The Great Depression-era Works Progress Administration sent writers to collect oral histories from former slaves in 17 states from 1936-1938. They collected 2,000 stories, producing a body of work that can never be recreated. That said, the “WPA Slave Narratives” has problems. Historians have judged that it’s unreliable for historical research because the subjects were elderly and usually living in poverty.
Their memories didn’t always serve them, and sometimes they mistook their interviewers for government officials who could help them receive pensions, so their recollections could’ve been presented “with rose-colored glasses,” the Library of Congress states. Besides that, not all of the writers were experienced or reliable interviewers. Some were indifferent to the truth and may have censored the stories.

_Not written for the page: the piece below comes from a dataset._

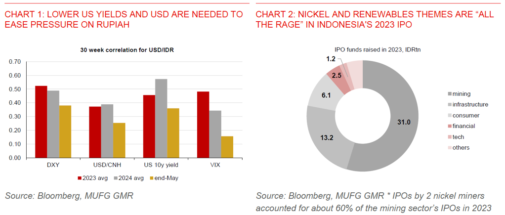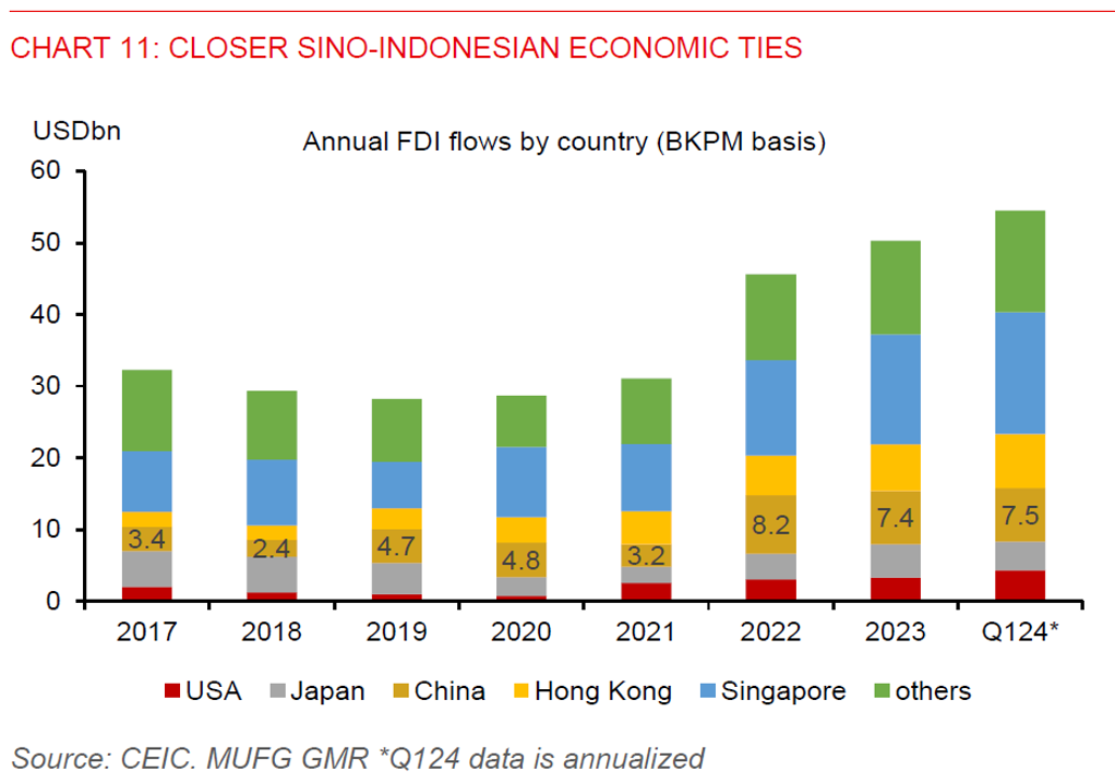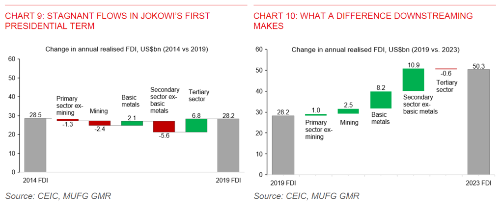- Beyond the short-term headwinds, there’s scope for rupiah stability, given an improvement in the long-term appeal of the currency driven by the nickel export ban in 2020. Indeed, the nickel downstreaming policy has made significant positive contributions to the country’s trade balance and foreign direct investment (FDI) in recent years. Trade surplus in the basic metal sector has risen four-folds to US$14.5bn (1.1% of GDP) in 2023 vs. US$3.5bn (0.3% of GDP) in 2020, while the sector also added US$10.7bn (0.8% of GDP) to annual realised FDI inflows in 2023 compared to 2019 levels.

The Library of Congress made the full narratives and photos available in 2002, and they can be found at loc.gov. These are snippets from some of the narratives of former slaves who lived in Dallas, including one who lived in Oak Cliff’s Tenth Street Historic District.
In Texas, the end of slavery wasn’t announced until June 19, 1865, two-and-a-half years after the Emancipation Proclamation took effect, on Jan. 1, 1863. After the Civil War, some slaveholders moved to Texas in order to keep people enslaved.
Stated age: About 82
Residence: 1120 E. Tenth St.
Hursey was born in Louisiana, and his family was sold to Jim Boling of Red River County, Texas, when he was a child. The day he left the plantation with his parents and siblings, Hursey recalled that Jim Boling called him over and gave him a cup of sweet coffee. “He thought considerable plenty of me,” Hursey said. His mother and father worked for farmers after emancipation, and the children had to work too. Hursey attended school for one week and taught himself to read with the help of friends. He became a preacher and at the time of the interview, described himself as “head prophet of the world.”
Stated age: 77
Address: Owned a restaurant at 1301 Marilla St.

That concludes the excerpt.